Well, the baking soda explains it then. I still think "digestive" is a quite unappetizing name. I mean, who cares if it aides in digestion? It's a damn cookie. When I eat McVitie's, I don't notice myself digesting food any better than when I don't eat McVitie's. Anyway, interestin' stuff.


----------



## darren (Nov 6, 2006)

Hey, when did the poll magically appear?

I'm always the last to know.


----------



## Naren (Nov 6, 2006)

darren said:


> Hey, when did the poll magically appear?
> 
> I'm always the last to know.



'Bout 2 days ago, Mr. Slow poke.


----------



## metalfiend666 (Nov 6, 2006)

Where's the "both" option?


----------



## nitelightboy (Nov 6, 2006)

Heres my answer, but there wasn't a selection for it....

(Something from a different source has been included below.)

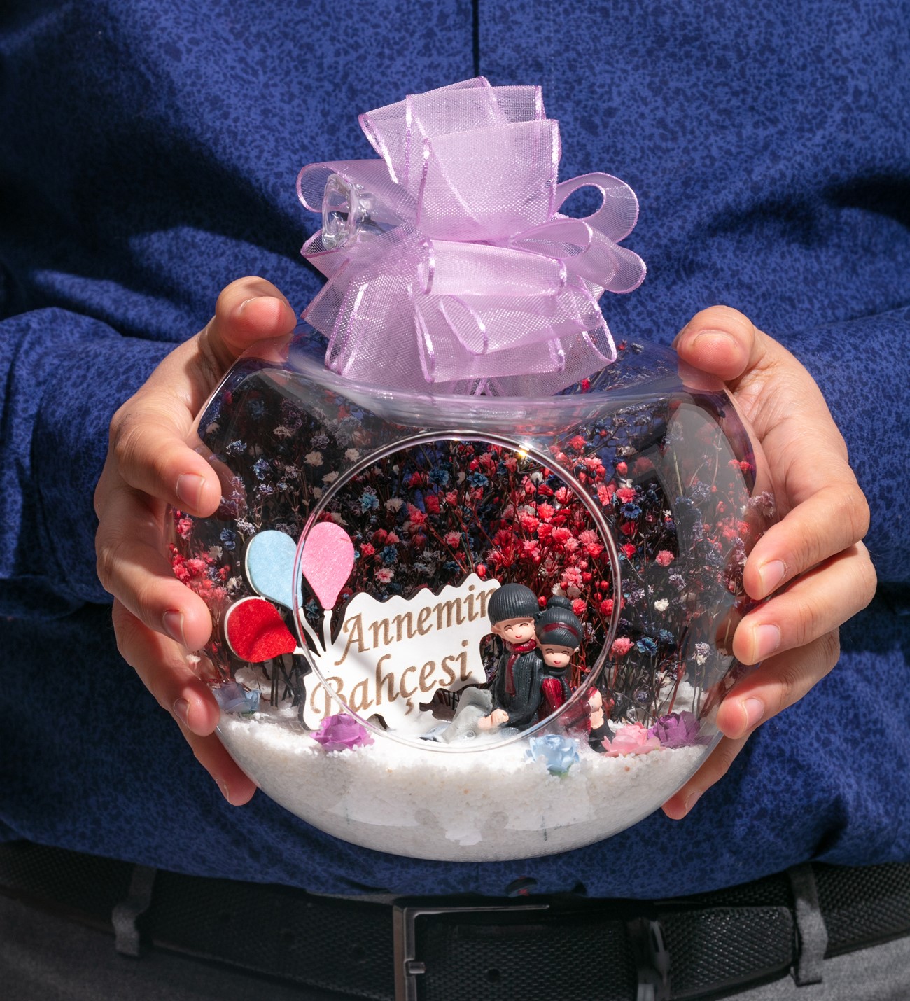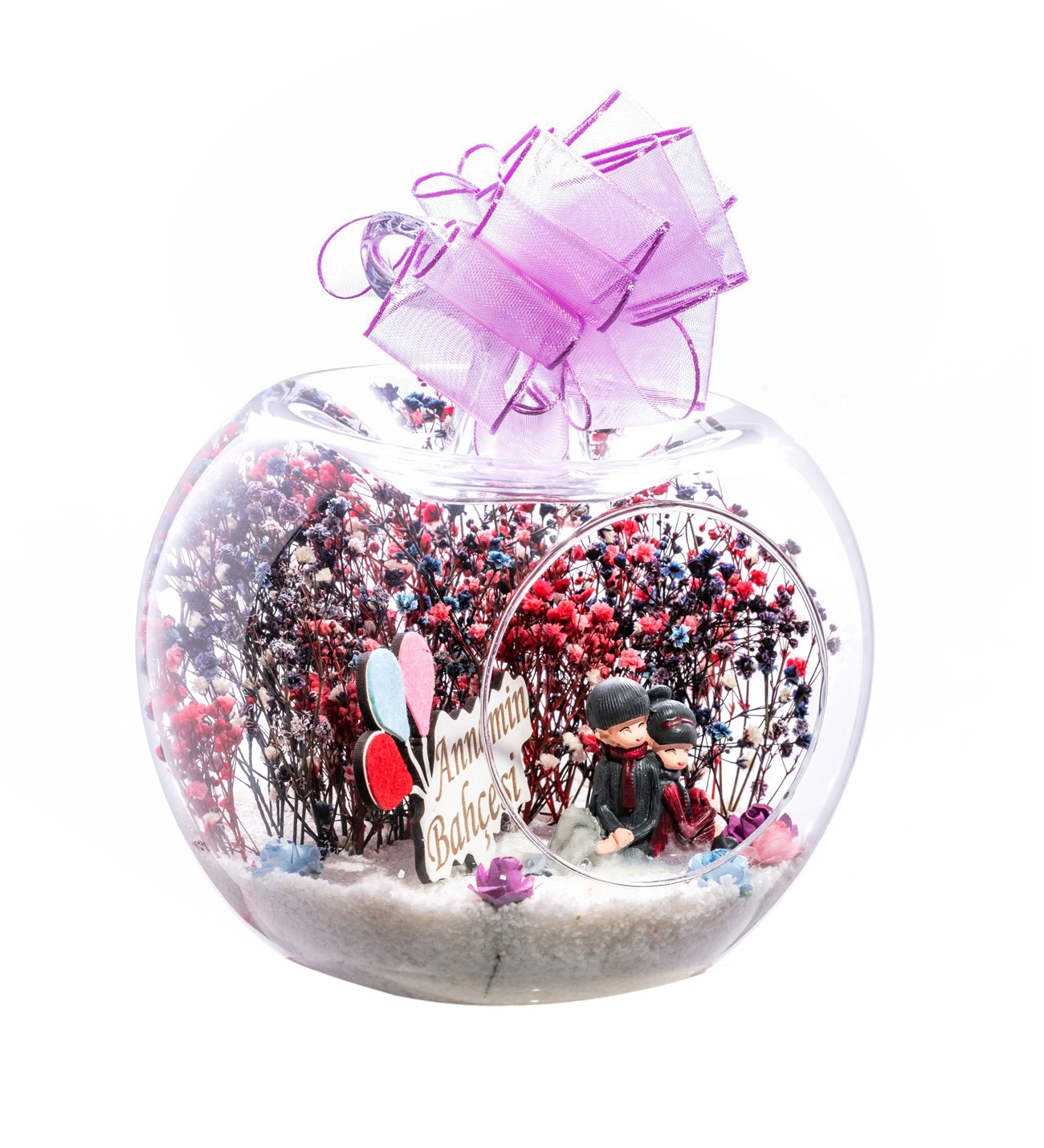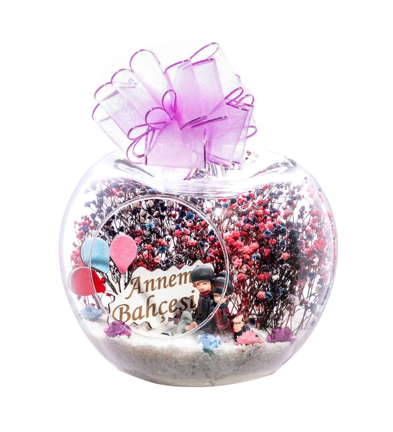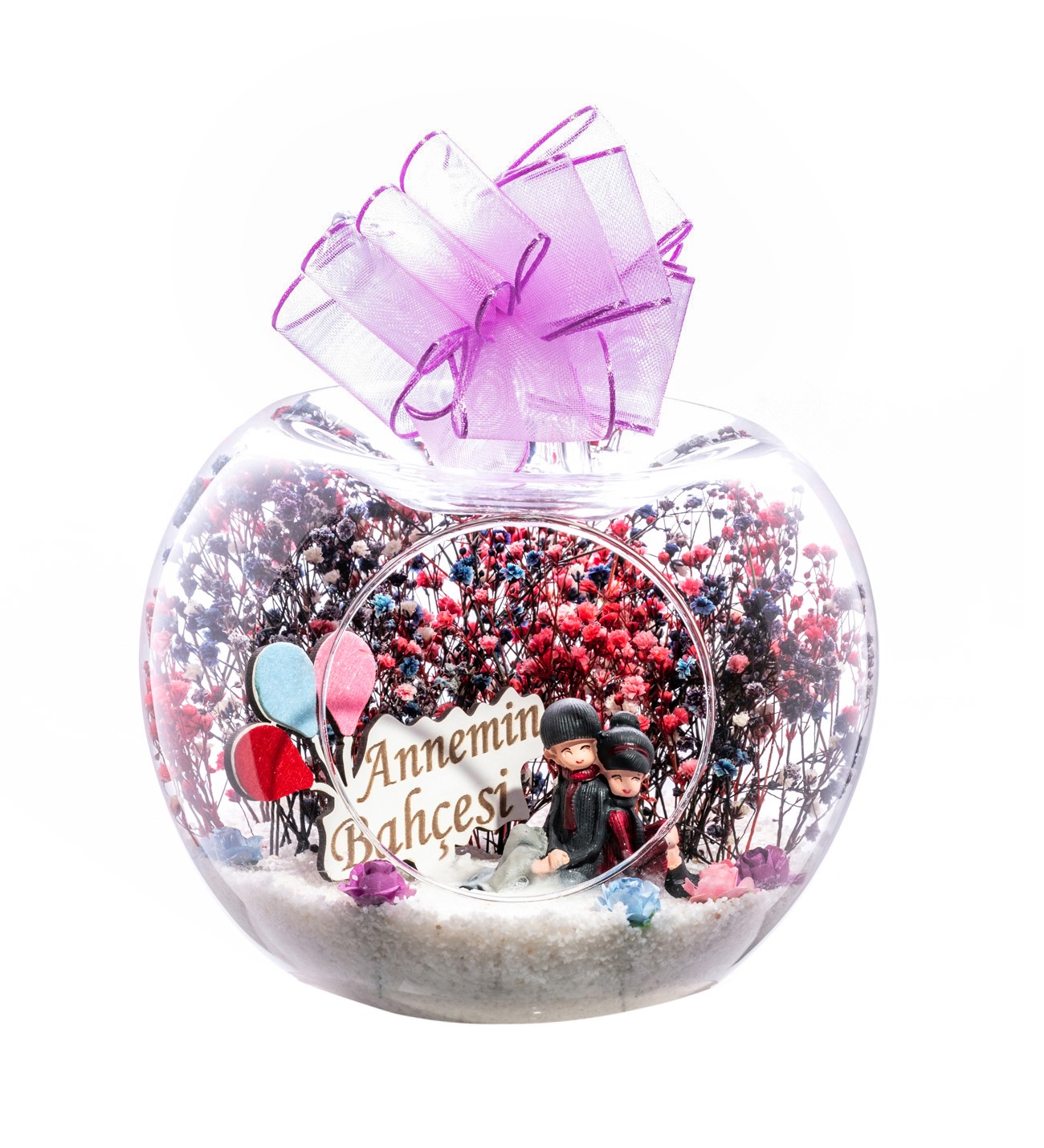 Küçük boy elma cam fanus içerisinde tasarladığımız bu kurdeleli güzel teraryum; beyaz kum, karışık renkli kurutulmuş bitkiler, renkli yapay mini güller, bir adet ahşap annemin bahçesi yazılı balonlu tabela ve bir adet sırt sırta oturan çifti simgeleyen objeler kullanılarak tamamlanmıştır. Ev ve ofis ortamlarının tamamında sergilenebilir teraryumun içinde, kurutulmuş bitkiler bulunduğundan hava alması önemlidir. Açık olan kısmının kapatılmaması veya büfe vb. kapalı alanlara konulmaması gereklidir. Özellikle her ortamda yıllarca, zevkle izlenebilecek özel bir teraryumdur. Yaklaşık Ölçüleri: 20x20cm NOT: Teraryumlarda kullanılan camlar, üfleme cam işçiliğiyle üretildiğinden bazı detaylarda farklılıklar gözlenebilir. Örneğin, sap kısmı ve ağız bitiş noktalarının her biri kendine özgüdür.

A good ol' country biscuit with sausage gravy on top of a fine Latina whore with big jugglies and back door, with some extra sausage gravy on her biscuit....yum


----------



## Your Majesty (Nov 6, 2006)

Wait a minute.... I had started a poll as such, but didn't complete it and deleted the thread... o I thought. However, what is more concerning to me is that the listing I had writen was not what is listed here and was changed and not by me. I would never write whore or biscuits?

This is not cool guys.

Can one of the Mods please close this thread as it is clearly not my intent to post the above mentioned. Thank you


----------



## Vince (Nov 6, 2006)

1) Sure I'll close the thread.

2) I think half the site is gay, how the fuck did "whores" not win this?


----------